• _WORK ORDER_:
Please give, exactly as they appear below, the line with "球磨機(jī)電機(jī)通" and every line after it through the final one, and nothing else.

=== Begin Enclosure ===

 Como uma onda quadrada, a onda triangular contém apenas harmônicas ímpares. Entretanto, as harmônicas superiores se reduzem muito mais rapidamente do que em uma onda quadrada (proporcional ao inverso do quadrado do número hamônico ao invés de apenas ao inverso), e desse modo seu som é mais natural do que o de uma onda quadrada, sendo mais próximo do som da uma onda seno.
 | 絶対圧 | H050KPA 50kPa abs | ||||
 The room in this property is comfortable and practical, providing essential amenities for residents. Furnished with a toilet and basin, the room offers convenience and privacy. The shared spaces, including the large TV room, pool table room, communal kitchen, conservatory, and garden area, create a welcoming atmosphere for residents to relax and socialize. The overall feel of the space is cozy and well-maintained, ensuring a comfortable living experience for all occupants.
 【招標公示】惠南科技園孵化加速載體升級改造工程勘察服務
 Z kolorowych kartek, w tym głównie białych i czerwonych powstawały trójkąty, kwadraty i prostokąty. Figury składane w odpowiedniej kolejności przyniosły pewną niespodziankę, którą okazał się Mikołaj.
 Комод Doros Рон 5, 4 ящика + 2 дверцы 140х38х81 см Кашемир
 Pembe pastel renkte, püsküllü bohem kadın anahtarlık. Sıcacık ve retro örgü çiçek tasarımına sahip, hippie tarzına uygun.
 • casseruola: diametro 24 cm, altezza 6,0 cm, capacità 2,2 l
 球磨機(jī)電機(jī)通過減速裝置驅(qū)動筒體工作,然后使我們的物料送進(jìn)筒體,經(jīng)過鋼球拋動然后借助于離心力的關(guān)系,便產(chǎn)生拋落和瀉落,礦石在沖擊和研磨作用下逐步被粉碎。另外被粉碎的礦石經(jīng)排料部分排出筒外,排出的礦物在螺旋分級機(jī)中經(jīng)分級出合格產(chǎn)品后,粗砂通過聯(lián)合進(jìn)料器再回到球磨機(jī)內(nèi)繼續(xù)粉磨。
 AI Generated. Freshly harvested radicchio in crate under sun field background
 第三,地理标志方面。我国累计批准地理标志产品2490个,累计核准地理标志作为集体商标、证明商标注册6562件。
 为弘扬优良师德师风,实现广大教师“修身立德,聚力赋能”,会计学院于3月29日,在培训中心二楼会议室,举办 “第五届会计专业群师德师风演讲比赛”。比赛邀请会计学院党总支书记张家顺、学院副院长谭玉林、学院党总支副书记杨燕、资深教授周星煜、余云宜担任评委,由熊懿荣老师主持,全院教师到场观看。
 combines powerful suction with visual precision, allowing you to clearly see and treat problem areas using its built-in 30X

=== End Enclosure ===

• _RESULT_:
 球磨機(jī)電機(jī)通過減速裝置驅(qū)動筒體工作,然后使我們的物料送進(jìn)筒體,經(jīng)過鋼球拋動然后借助于離心力的關(guān)系,便產(chǎn)生拋落和瀉落,礦石在沖擊和研磨作用下逐步被粉碎。另外被粉碎的礦石經(jīng)排料部分排出筒外,排出的礦物在螺旋分級機(jī)中經(jīng)分級出合格產(chǎn)品后,粗砂通過聯(lián)合進(jìn)料器再回到球磨機(jī)內(nèi)繼續(xù)粉磨。
 AI Generated. Freshly harvested radicchio in crate under sun field background
 第三,地理标志方面。我国累计批准地理标志产品2490个,累计核准地理标志作为集体商标、证明商标注册6562件。
 为弘扬优良师德师风,实现广大教师“修身立德,聚力赋能”,会计学院于3月29日,在培训中心二楼会议室,举办 “第五届会计专业群师德师风演讲比赛”。比赛邀请会计学院党总支书记张家顺、学院副院长谭玉林、学院党总支副书记杨燕、资深教授周星煜、余云宜担任评委,由熊懿荣老师主持,全院教师到场观看。
 combines powerful suction with visual precision, allowing you to clearly see and treat problem areas using its built-in 30X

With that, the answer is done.